The fault zone penetrates the Chilean Coastal Cordillera through north–south striking elongate terranes of Jurassic to early Cretaceous igneous rocks. The region was formed through arc-magmatism and is composed of mostly andesitic tuffs and lavas with large diorite batholiths. In the eastern branches of the fault Cretaceous-aged porphyry copper deposits are associated to diorite and dacite stocks-type intrusions. These porphyry copper deposits are poorly known constituting thus possible new targets for copper mining. Certain areas of the mentioned igneous province are overlain by terranes of continental clastic rocks and marine limestones. Past and recent fault activity has reworked some of the surrounding rock, producing regions of ductilely deformed rocks, which can be categorized into two types: Cretaceous plutonic rocks (tonalites) deformed under greenschist conditions and metamorphic rocks from Jurassic volcanics, which includes intrusive rocks (diorites, gabbros and tonalites), and Paleozoic greywackes formed in mid-amphibolite facies conditions.

From Chañaral to the south the fault system coincides in extent with the Chilean Iron Belt, a collection of iron ore deposit running all the way to El Romeral next to La Serena.
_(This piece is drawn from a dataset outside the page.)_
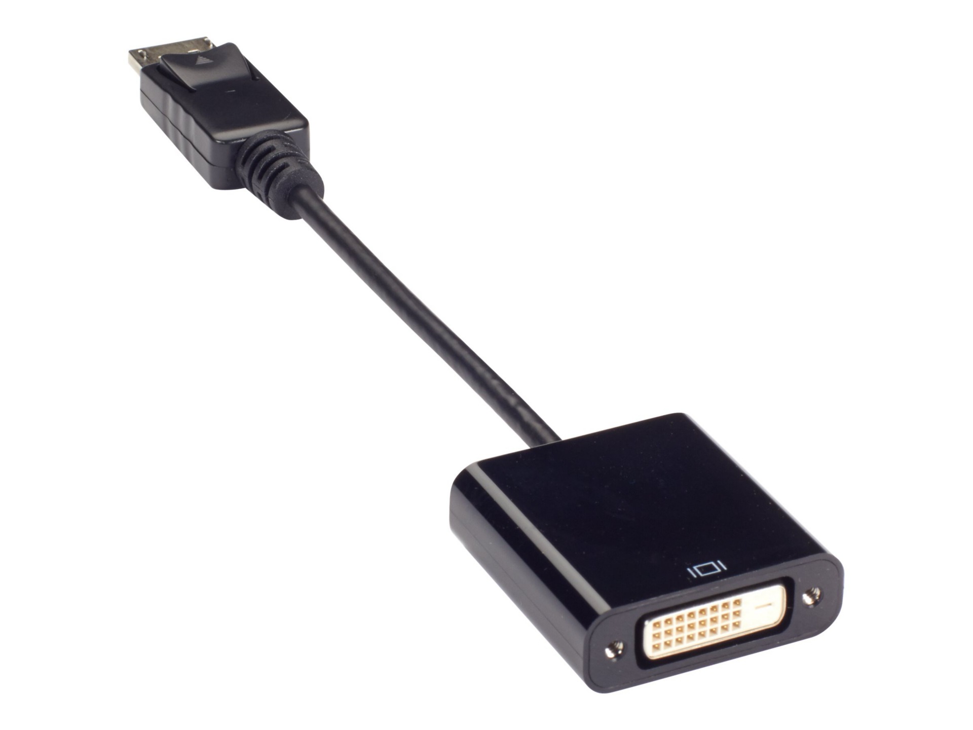BlackBox, VA-DP-DVID-A, Video Adapter Dongle, DisplayPort Male - DVI-D Female Features: Connect the DisplayPort male output of your computer to a DVI-D input of a HDTV, projector, or display. Supports 1080p (1920 x 1080) resolutions. Transmits high-performance digital audio and video signals. Supports TMDS signaling. 34- and 32-AWG wire. Dongle is 8-inches long. Guaranteed for life.

It is thought that the Atacama Fault acted as a "transcrustal" fault that allowed for molten iron ore magma migrate from its place of origin in the Earth's mantle to shallow of the crust event reaching surface in volcanic eruptions of iron oxide. The resulting rock after the cooling of these magmas is iron oxide-apatite.

Near Huasco the western branch of the Atacama Fault System is the Infiernillo Shear Zone (Spanish: Zona de Cizalla de Infiernillo) which runns in NNE-SSW direction and makes the limit between the Early Cretaceous Infiernillo Plutonic Complex and the formations of La Negra (Jurassic) and Canto del Agua (Triassic) as well as some metamorphic rocks.

The southernmost commonly recognized section of the Atacama Fault System is Romeral Fault which reaches the coast near La Serena. South of Romeral Fault the inland NS-oriented Panulcillo Fault has been described as a continuation with its more eastern position being attributed to displacement by a younger NW-trending fault.

==Fault mechanics==
Due to the extensional regime shaping the region, the system is dominated by normal faulting, most of which is north–south striking and dipping around 60 degrees to the East. Though the system is mostly dip-slip, there are regions of strike-slip formed mylonites in the East providing evidence for past sinistral strike-slip motion.

The general strike of the fault system is north–south, though the fault activity varies between the 3 regions of the AFZ. The Northern region encompasses the Salar del Carmen major fault which splits the region into a Western domain with large active faults striking N160 to N170 and an Eastern domain with mostly inactive faults overlain by Quaternary deposits. In the Central region the Coastal Range is bounded by the N–S striking Remiendo Fault with ancient fault scarps in the eastern area of the region. In the Southern region the Coastal Range is bounded by the El Salado Fault, which trends North and is cut to the north by TalTal N130 striking faults.